WHAT THIS TASK INVOLVES:
Take the lines below beginning at the line that has "園舎の隣には聖園短大があり、" and stopping after the line that has "Установка кирпичных столбов", and print them exactly as they are, with no other lines.

EXERCISE DATA:

━━━━━━━━━━━━━━━━━━━━

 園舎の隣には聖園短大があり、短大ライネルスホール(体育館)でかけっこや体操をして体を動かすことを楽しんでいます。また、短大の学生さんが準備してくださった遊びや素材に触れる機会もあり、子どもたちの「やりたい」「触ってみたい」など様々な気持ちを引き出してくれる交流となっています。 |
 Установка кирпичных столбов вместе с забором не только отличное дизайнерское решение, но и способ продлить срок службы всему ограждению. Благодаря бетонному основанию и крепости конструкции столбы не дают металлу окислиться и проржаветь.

━━━━━━━━━━━━━━━━━━━━

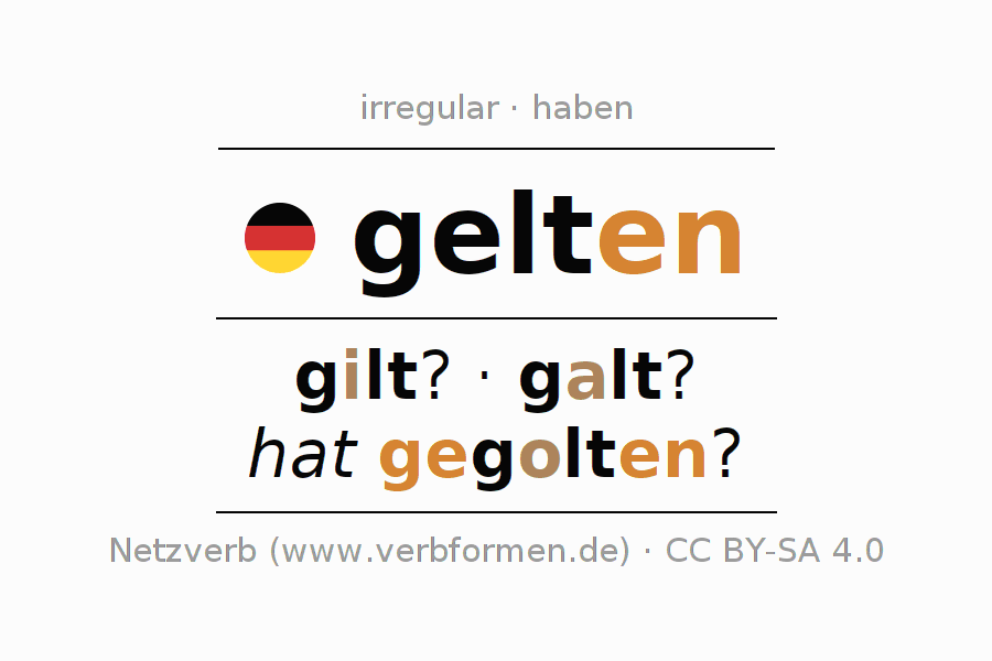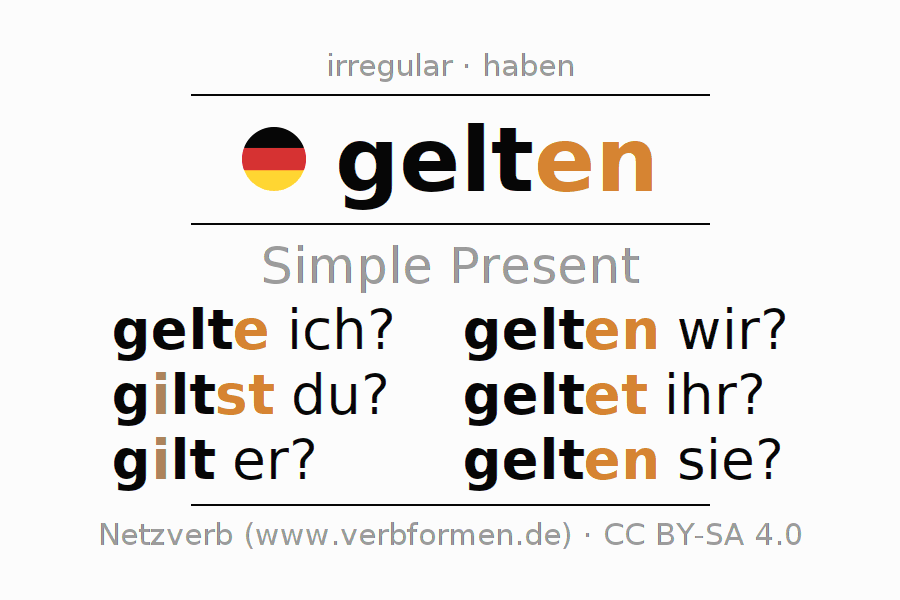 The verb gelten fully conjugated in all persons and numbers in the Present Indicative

━━━━━━━━━━━━━━━━━━━━

EXERCISE ANSWER:
 園舎の隣には聖園短大があり、短大ライネルスホール(体育館)でかけっこや体操をして体を動かすことを楽しんでいます。また、短大の学生さんが準備してくださった遊びや素材に触れる機会もあり、子どもたちの「やりたい」「触ってみたい」など様々な気持ちを引き出してくれる交流となっています。 |
 Установка кирпичных столбов вместе с забором не только отличное дизайнерское решение, но и способ продлить срок службы всему ограждению. Благодаря бетонному основанию и крепости конструкции столбы не дают металлу окислиться и проржаветь.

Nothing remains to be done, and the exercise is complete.